%%

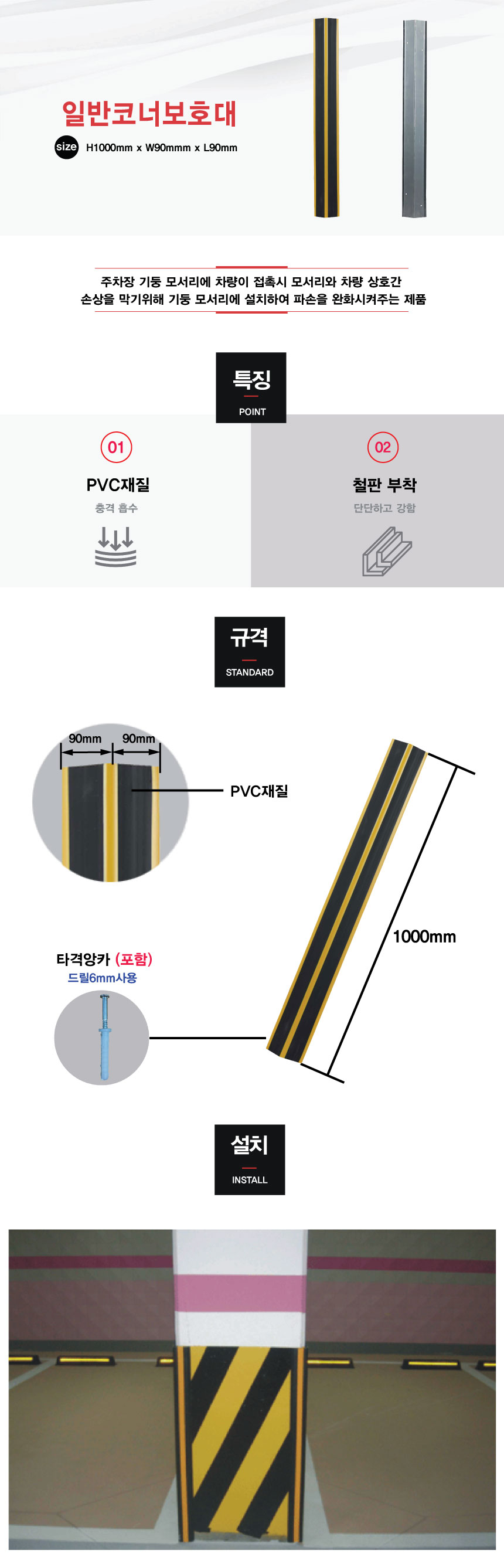해광 H7 일반코너보호대 H1000 x W90 x L90mm (피스포함) 코너보호대,벽모서리보호대, 모서리보호대 공구몰
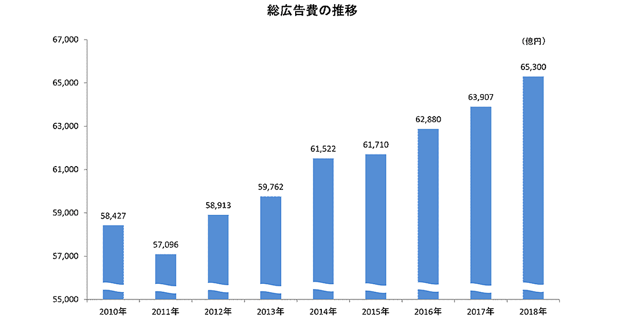 2018年(1~12月)の日本の総広告費は、戦後最長といわれる景気拡大に伴い、6兆5,300億円、前年比102.2%となり、7年連続でプラス成長となった。なお、2018年の名目国内総生産(GDP)に対する総広告費の比率は1.19%である。
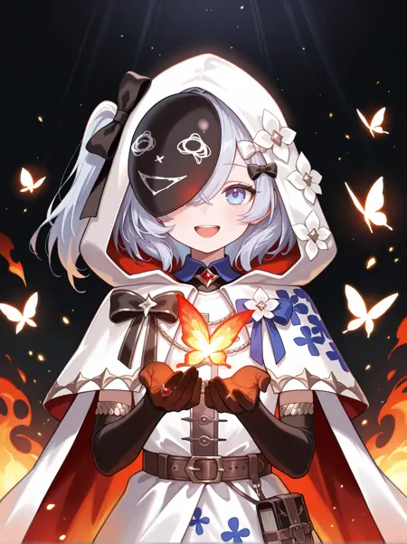 标签(其他):黑色面具,书本,燃烧,蝴蝶(白色/蓝色),发光蝴蝶,手持面具,面具戴在头上,替代服装,
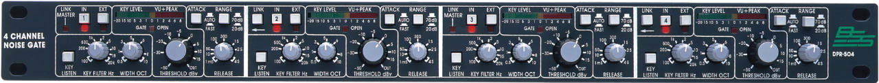 На передней панели установлены индикатор уровня сигнала относительно порога срабатывания (с пик-индикацией) и индикатор состояния прибора (открыт/закрыт). DPR-504 имеет симметричные входы и выходы на стандартных разъемах XLR.
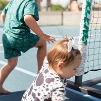 Our Cozys short sets are made out of the same buttery soft jersey knit fabric as our blankets and swaddles.
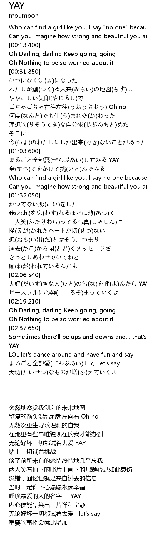 | [00:01.010] | Who can find a girl like you, I say "no one" because...YAY |
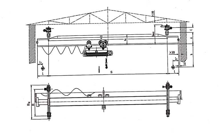 電動單梁懸掛起重機由鋼板與工字鋼組焊成的主梁、端梁、電動葫蘆及電動跑車組成,懸掛在廠房上部的工字梁軌道上,懸臂長度0.5~1m,電動葫蘆沿主梁工字鋼下翼緣運行,完成物品的吊運工作,具有結(jié)構(gòu)輕巧、安裝維護(hù)方便等特點,廣泛應(yīng)用于生產(chǎn)車間、倉庫及貨場等場所。工作級別為A3-A5。

%%

● Directions for this task:
Your copy should hold the lines from the one with "На передней панели" up to and including the one with "[00:01.010] | Who", exactly as in the data above, and no pictures.

● Exercise solution:
 На передней панели установлены индикатор уровня сигнала относительно порога срабатывания (с пик-индикацией) и индикатор состояния прибора (открыт/закрыт). DPR-504 имеет симметричные входы и выходы на стандартных разъемах XLR.
 Our Cozys short sets are made out of the same buttery soft jersey knit fabric as our blankets and swaddles.
 | [00:01.010] | Who can find a girl like you, I say "no one" because...YAY |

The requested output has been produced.